Nicotine and other nicotinic agents are thought to regulate mood in human subjects and have antidepressant-like properties in animal models. Recent studies have demonstrated that blockade of nicotinic acetylcholine receptors (nAChRs) including those containing the beta2 subunit (beta2(*)), results in antidepressant-like effects. Previous studies have shown that cytisine, a partial agonist at alpha4/beta2(*) nAChRs, and a full agonist at alpha3/beta4(*) and alpha7 nAChRs, has antidepressant-like properties in several rodent models of antidepressant efficacy; however, it is not clear whether more selective partial agonists will also be effective in these models. We tested cytisine and two derivatives, 5-bromo-cytisine (5-Br-Cyt) and 3-(pyridin-3'-yl)-cytisine (3-pyr-Cyt) for their ability to act as a partial agonist of different nAChR subtypes and to show antidepressant-like activity in C57/BL6 mice in the tail suspension, the forced-swim, and the novelty-suppressed feeding tests. 3-pyr-Cyt was a partial agonist with very low efficacy at alpha4/beta2(*) nAChRS but had no agonist effects at other nAChRs normally targeted by cytisine, and it was effective in mouse models of antidepressant efficacy. Animals showed dose-dependent antidepressant-like effects in all three behavioral paradigms. 5-Br-Cyt was not effective in behavioral tests when administered peripherally, probably because of its inability to penetrate the blood-brain barrier, because it efficiently reduced immobility in the tail suspension test when administered intraventricularly. These results suggest that novel nicotinic partial agonists may provide new possibilities for development of drugs to treat mood disorders.

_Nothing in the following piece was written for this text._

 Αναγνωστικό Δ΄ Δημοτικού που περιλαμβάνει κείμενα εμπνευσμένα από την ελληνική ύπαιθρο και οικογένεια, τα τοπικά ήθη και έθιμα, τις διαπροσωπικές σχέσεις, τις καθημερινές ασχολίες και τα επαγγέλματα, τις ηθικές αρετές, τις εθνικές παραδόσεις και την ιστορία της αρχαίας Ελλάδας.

Activation and inhibition of mouse muscle and neuronal nicotinic acetylcholine receptors expressed in Xenopus oocytes.[Pubmed:20100906]

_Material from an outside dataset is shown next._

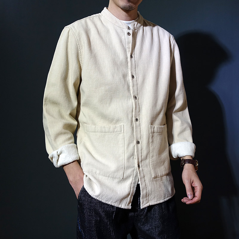 秋冬中国风加绒加厚立领长u袖衬衫保暖棉麻男版中山装苧麻中式衬

J Pharmacol Exp Ther. 2010 May;333(2):501-18.

Transgenic mouse models with nicotinic acetylcholine receptor (nAChR) knockouts and knockins have provided important insights into the molecular substrates of addiction and disease. However, most studies of heterologously expressed neuronal nAChR have used clones obtained from other species, usually human or rat. In this work, we use mouse clones expressed in Xenopus oocytes to provide a relatively comprehensive characterization of the three primary classes of nAChR: muscle-type receptors, heteromeric neuronal receptors, and homomeric alpha7-type receptors. We evaluated the activation of these receptor subtypes with acetylcholine and cytisine-related compounds, including varenicline. We also characterized the activity of classic nAChR antagonists, confirming the utility of mecamylamine and dihydro-beta-erythroidine as selective antagonists in mouse models of alpha3beta4 and alpha4beta2 receptors, respectively. We also conducted an in-depth analysis of decamethonium and hexamethonium on muscle and neuronal receptor subtypes. Our data indicate that, as with receptors cloned from other species, pairwise expression of neuronal alpha and beta subunits in oocytes generates heterogeneous populations of receptors, most likely caused by variations in subunit stoichiometry. Coexpression of the mouse alpha5 subunit had varying effects, depending on the other subunits expressed. The properties of cytisine-related compounds are similar for mouse, rat, and human nAChR, except that varenicline produced greater residual inhibition of mouse alpha4beta2 receptors than with human receptors. We confirm that decamethonium is a partial agonist, selective for muscle-type receptors, but also note that it is a nondepolarizing antagonist for neuronal-type receptors. Hexamethonium was a relatively nonselective antagonist with mixed competitive and noncompetitive activity.